WORK TO COMPLETE: Go through the data below and copy it exactly, skipping every picture.

DATA EXTRACT:
◆ ◆ ◆ ◆ ◆ ◆ ◆
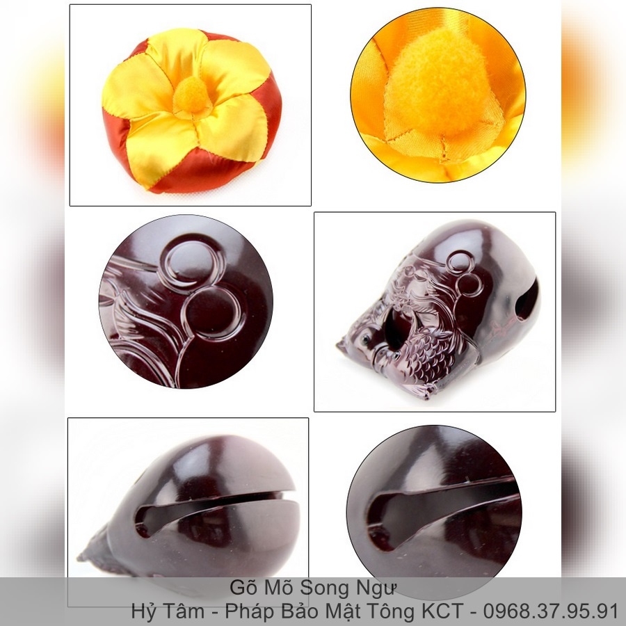 |Tặng đệm lót| Mõ Song Ngư 3 Kích Thước Mõ có hình bầu dục, đầu hơi tròn, khắc song ngư: Loại này thường được dùng trong các thời khóa lễ sớm tối có đông người tụng niệm với mục đích là để cho mọi người tụng nhịp nhàng theo trường canh của tiếng mõ. Người đánh mõ gọ
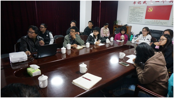 在抵达动车武夷山东站后,同学们马不停蹄地赶往兴田镇西郊村。这里是厦门大学武夷山市葫芦山遗址考古实习基地。2014、2015、2016年人文学院考古学专业学生已在此进行过三次田野考古实习,且有较丰富的发掘成果。如何展示这些成果,正是同学们所需要思考的问题。在简单的参观实习点后,葛威老师、黄运明老师与同学们饮茶、座谈,使同学们对策展,乃至对考古学本身都有了更加深刻的了解。黄运明老师指出,策展不能只从考古学的角度去考虑,而应该跨学科思考,运用不同的思维方式,才能够使展览贴近观众,从而达到传播知识的作用。
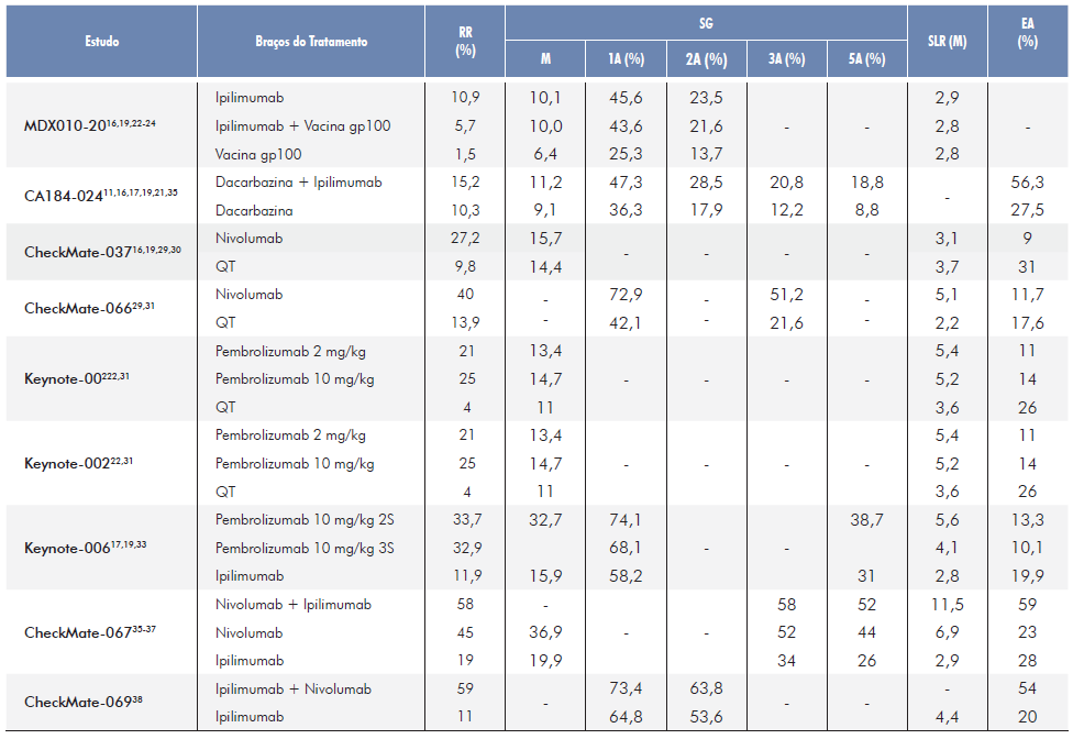 A: ano(s); M: média; RR: response rate; SG: sobrevivência global; SLR: sobrevivência livre de recorrência; EA: efeitos adversos
◆ ◆ ◆ ◆ ◆ ◆ ◆
WRITTEN RESPONSE:
 |Tặng đệm lót| Mõ Song Ngư 3 Kích Thước Mõ có hình bầu dục, đầu hơi tròn, khắc song ngư: Loại này thường được dùng trong các thời khóa lễ sớm tối có đông người tụng niệm với mục đích là để cho mọi người tụng nhịp nhàng theo trường canh của tiếng mõ. Người đánh mõ gọ
 在抵达动车武夷山东站后,同学们马不停蹄地赶往兴田镇西郊村。这里是厦门大学武夷山市葫芦山遗址考古实习基地。2014、2015、2016年人文学院考古学专业学生已在此进行过三次田野考古实习,且有较丰富的发掘成果。如何展示这些成果,正是同学们所需要思考的问题。在简单的参观实习点后,葛威老师、黄运明老师与同学们饮茶、座谈,使同学们对策展,乃至对考古学本身都有了更加深刻的了解。黄运明老师指出,策展不能只从考古学的角度去考虑,而应该跨学科思考,运用不同的思维方式,才能够使展览贴近观众,从而达到传播知识的作用。
 A: ano(s); M: média; RR: response rate; SG: sobrevivência global; SLR: sobrevivência livre de recorrência; EA: efeitos adversos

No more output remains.